Если что, я немного йогой
Овладела. Теперь я – Будда.
Да не лезь со своей убогой
Трепотнёй, всё равно забуду.

Не могу рассказать и трети
Из всего, что со мною было.
Я в тайгу уходила, к йети –
Эх, живут они там уныло...

И по стрит-авеню Нью-Йорка
Я бродяжила месяц кряду...
Сладко вспомнить, а помнить – горько.
Нет, не йоду.

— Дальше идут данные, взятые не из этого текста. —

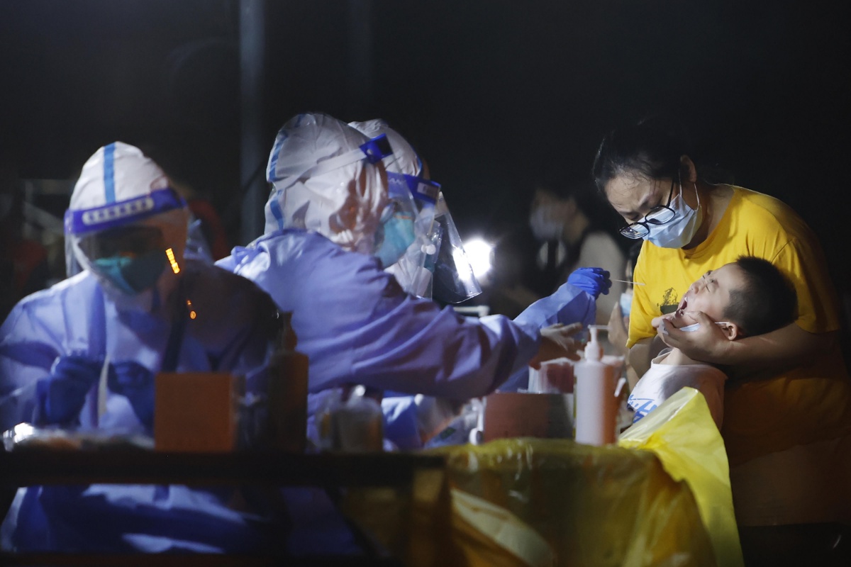 2021年8月2日,上海,位于上海市浦东新区华夏二路1500弄心圆西苑小区内,孩子在家长的陪伴下等待核酸采样。据上海发布消息,8月2日,上海市浦东一医疗机构报告,发现浦东机场货运区一名外航货机服务人员新冠病毒核酸检测阳性。接报后,疾控机构立即对相关人员及场所开展排查处置、流调采样,并进行实验室检测复核。后续情况将及时向社会公布。

Давай-ка яду.


Елена Суюрова
(Дрезден)

ЗАЖИВИ МЕНЯ, ГОСПОДИ…
Научи меня, Господи, как простить не простившего.
Если я не успею, ты поможешь? Простишь его?
Научи меня, Господи, оторваться от сущего.
Как, скажи, отпустить моё сердце несущего?
Ты прости меня, Господи, наши щёки исхлёстаны -
Лево, право... Мы воины на постели под звёздами!
Ты прости меня, Господи, и его. Он не ведает.
Были ангелы с проседью, а теперь их и следа нет.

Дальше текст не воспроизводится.